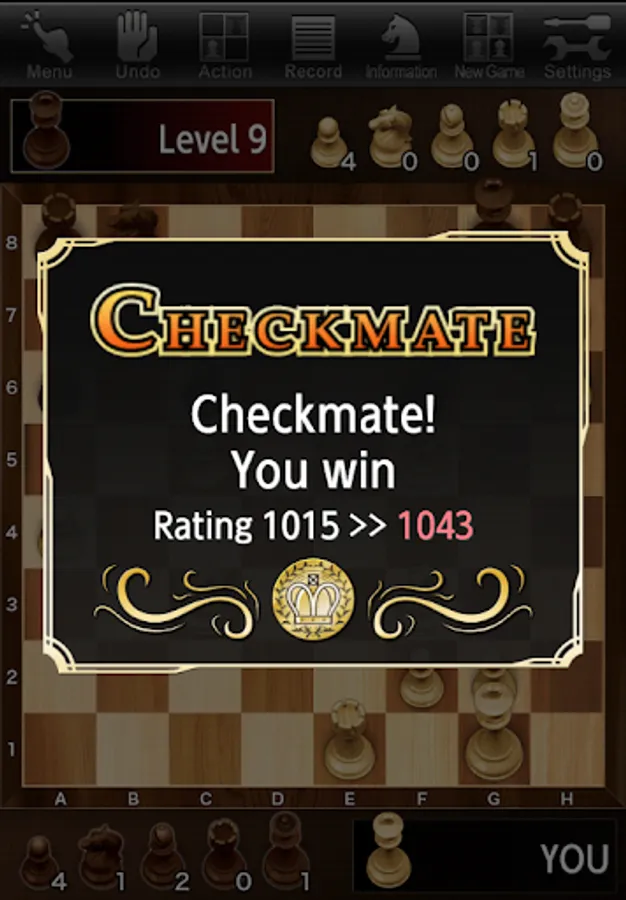 - Computer gives your level evaluation by ELO rating in rating mode,
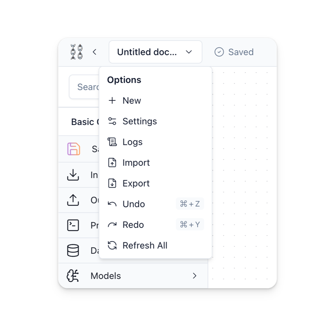 - Import: Import a flow or component from a JSON file into the Workspace.
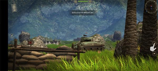4.跟着目标行动,我们来到绿色烟雾这里,点按瞄准在发射炮弹来击败敌人。
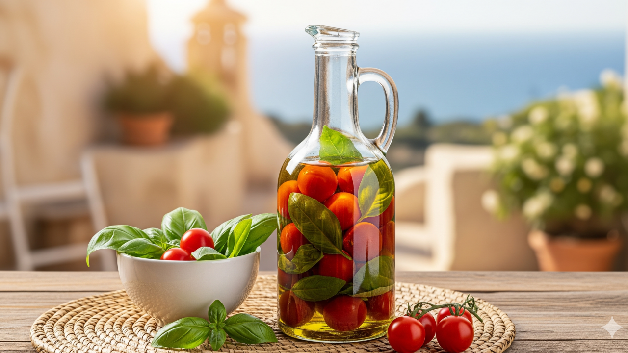[투명한 유리병에 담긴 붉은 방울토마토 마리네이드, 올리브오일과 바질이 어우러진 지중해식 비주얼]
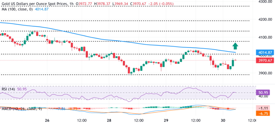 未能在23.6%的斐波那契回撤位上方找到接受度, overnight斐波那契最近从历史新高下跌的调整阶段以及随后的下跌有利于空头交易员。此外,日线图上的指标刚刚开始呈现负面趋势,表明任何进一步的上涨可能仍被视为在$4,000心理价位或23.6%斐波那契水平附近的卖出机会。紧随其后的是100小时简单移动平均线(SMA),在$4,016区域,黄金价格在该区域上方可能会上升到$4058-4,060障碍区域,然后到达$4,075区域(38.2%斐波那契水平)和$4,100标记。
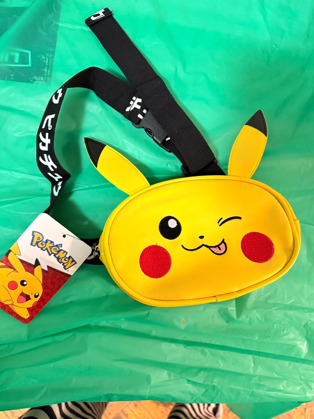 This is a fun yellow fanny pack featuring Pikachu's face! It's a great accessory for Pokemon fans. The adjustable strap makes it easy to wear around your waist.
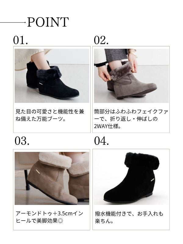 ふわふわのフェイクファーを使用した筒は、折り返しても伸ばしても履ける2WAY仕様。中敷にはボア素材を使用し、指先まであたたかく、ストッキングやタイツで履いても足がしっかりと止まります。すっきりシルエットのアーモンドトゥと、3.5cmのインヒール入りで、美脚効果も◎。 アッパーには撥水加工を施し、汚れが付きにくいのも嬉しいポイントです。防滑ソールで滑りにくく、幅広く活躍する一足です。
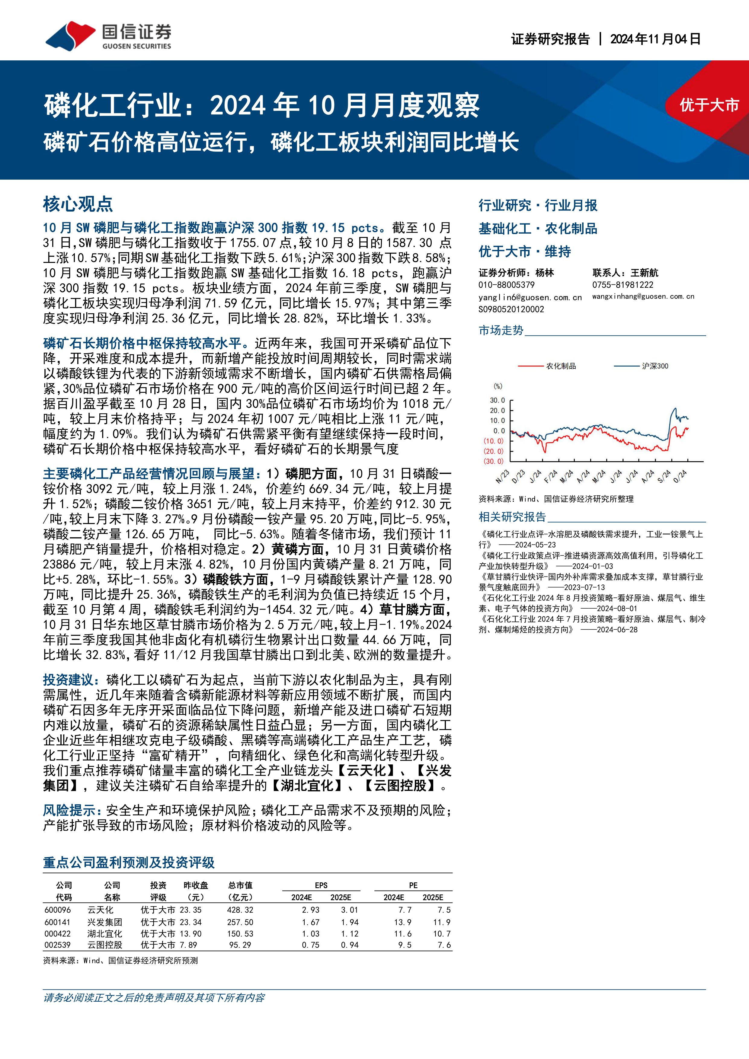 磷化工行业:2024年10月月度观察:磷矿石价格高位运行,磷化工板块利润同比增长
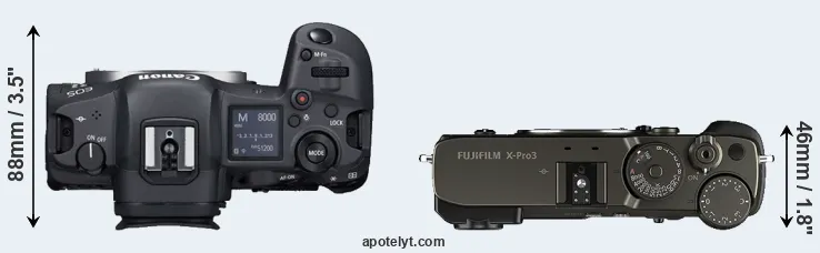 An illustration of the physical size and weight of the Canon R5 and the Fujifilm X-Pro3 is provided in the side-by-side display below. The two cameras are presented according to their relative size. Three consecutive views from the front, the top, and the rear side are shown. All size dimensions are rounded to the nearest millimeter.
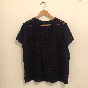 Really cool navy top from COS, size Medium. The front side of the shirt is felt material and has small rectangles cut out of the fabric throughout. It's sexy without revealing too much. Looks awesome with a black bra or tank underneath. Back of the shirt is nylon material, has a zipper detail even though the shirt is pull-on style and fits over your head. Purchased at a Cos in London, never in the US stores! One of a kind item, really stands out. Gently pre-owned in great condition.
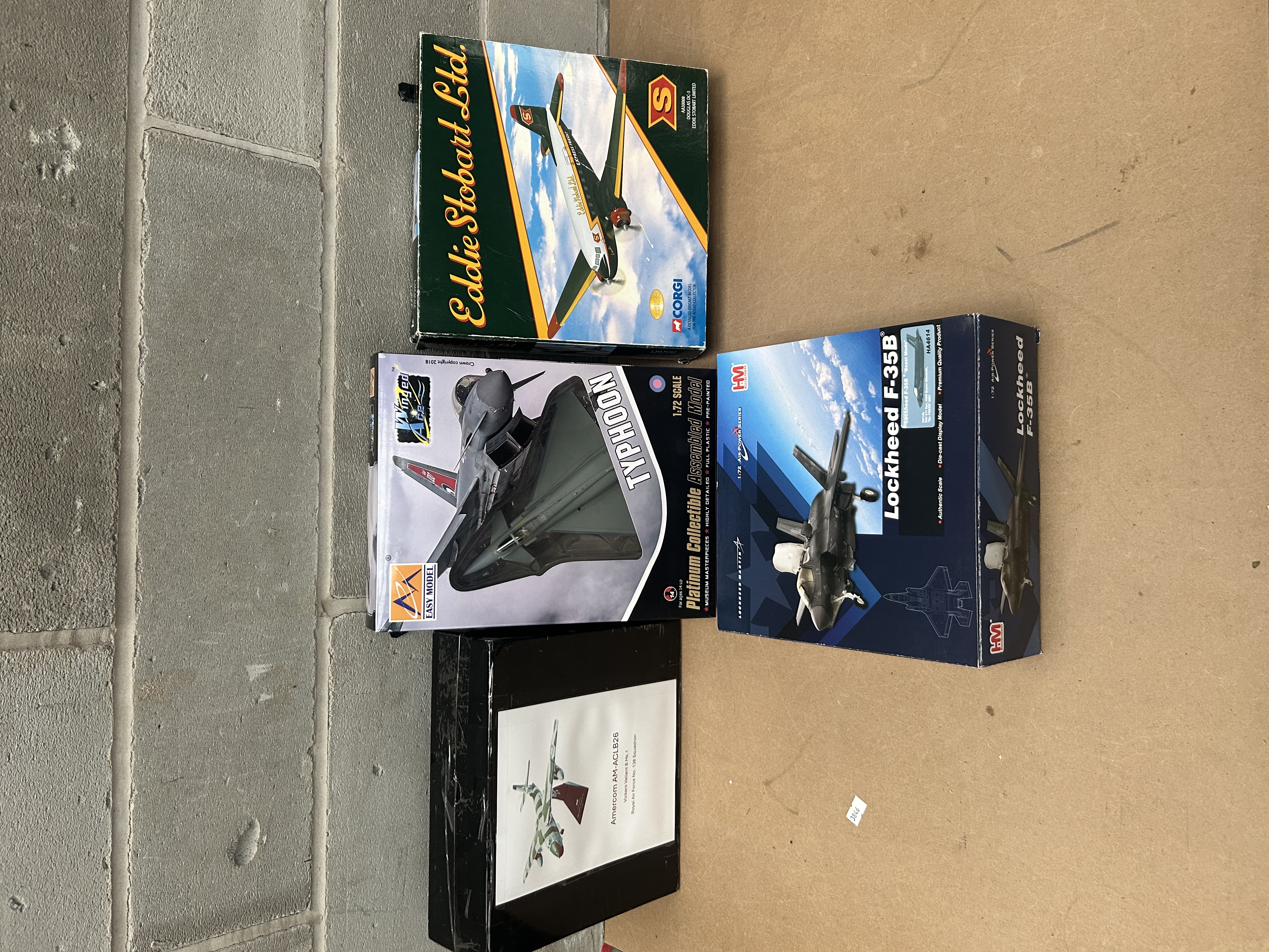 This lot comprises a collection of four boxed, pre-assembled scale model aircraft, predominantly 1:72 scale. The collection includes an Easy Models Platinum Eurofighter Typhoon RAF 100, PKEA33300, 1:72 Scale, described as a ‘Full Plastic, Platinum Collectible Assembled Model’ from 2018. Also included are an Amercom AM-ACLB26 Vickers Valiant B Mk.1, a Corgi ‘Limited Edition’ Douglas DC-3 in ‘Eddie Stobart Ltd.’ livery, and an HM (Hobby Master) ‘Air-Power Series’ Lockheed F-35B, described as a ‘Die-cast Display Model’. All models are in their original packaging, which appears to be factory-sealed or otherwise unopened. No models are visible outside their boxes.
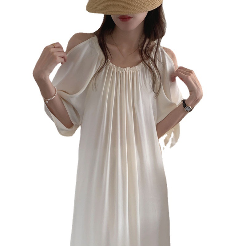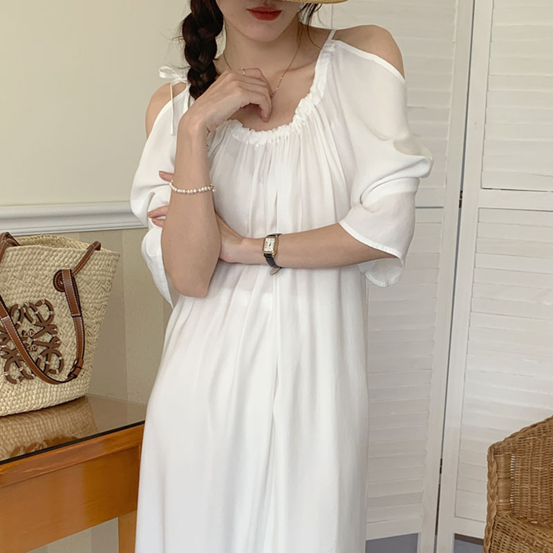 肩見せオフショルダーデザインで女性らしさを演出します。
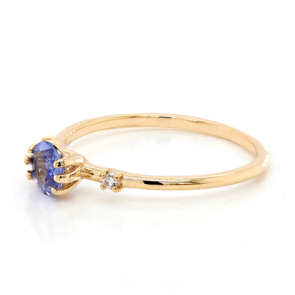 Stunning in its simplicity, our Lana II ring is set with an eye-catching blue sapphire and two shimmering white diamonds.
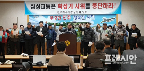 진주시청 인근 자유시장 상인회는 25일 진주시청 브리핑룸에서 기자회견을 열고 "삼성교통의 한달 넘게 한 확성기 시위 중단"을 촉구했다.
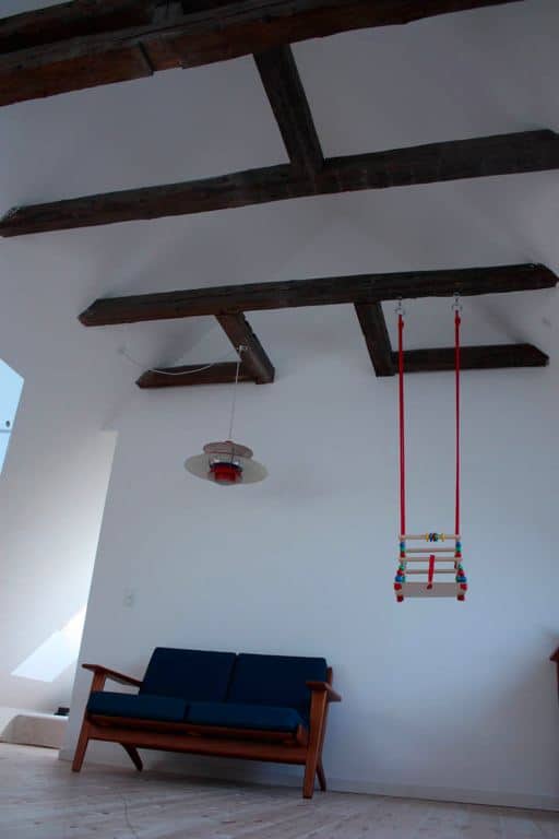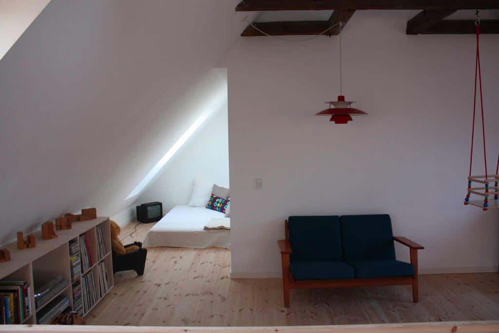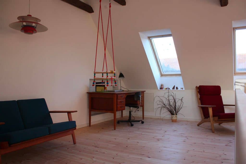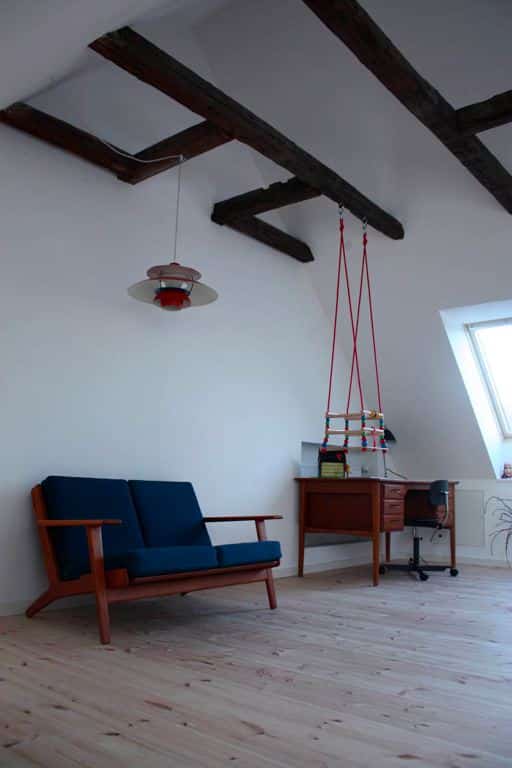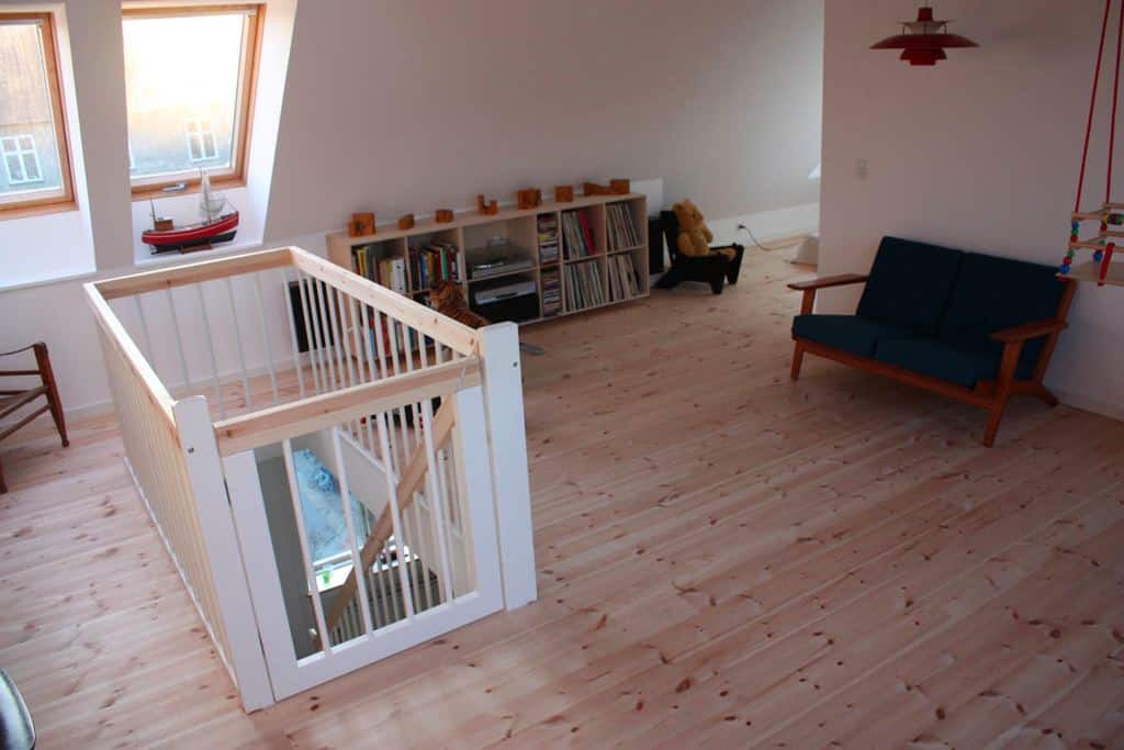 På Sjællandsgade i København stod Sydfyns Byggefirma for at inddrage tørreloftet over lejligheden. Loftrummet gav nogle praktiske, lækre kvadratmeter med højt til loftet, synlige loftsbjælker og fyrretræsgulv, så lejligheden nu kunne rumme hele familien. Veluxvinduerne giver den nye boligetage ekstra lysindfald og gør rummet endnu mere lyst og indbydende.
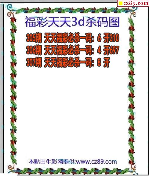 福彩天天殺碼2025307期3d圖謎(原創)
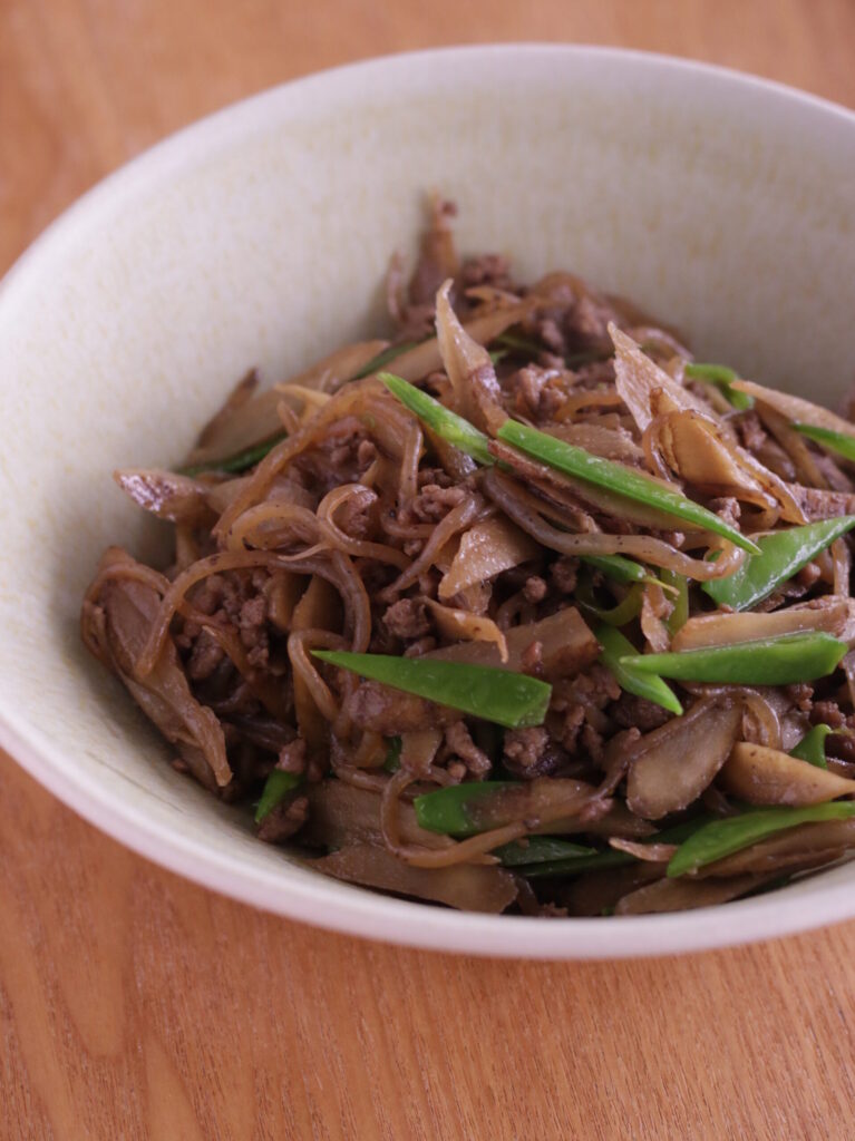 ⒊肉の色が変わったら、調味料を加え汁気がなくなるまで炒め煮にする。最後に茹でた絹さやを加えて混ぜ合わせ完成。

• **What the exercise asks**:
May I have only the lines from the start of the data through the line containing "[투명한 유리병에 담긴", both included, reproduced exactly and without the pictures?

• **Exercise solution**:
 - Computer gives your level evaluation by ELO rating in rating mode,
 - Import: Import a flow or component from a JSON file into the Workspace.
4.跟着目标行动,我们来到绿色烟雾这里,点按瞄准在发射炮弹来击败敌人。
[투명한 유리병에 담긴 붉은 방울토마토 마리네이드, 올리브오일과 바질이 어우러진 지중해식 비주얼]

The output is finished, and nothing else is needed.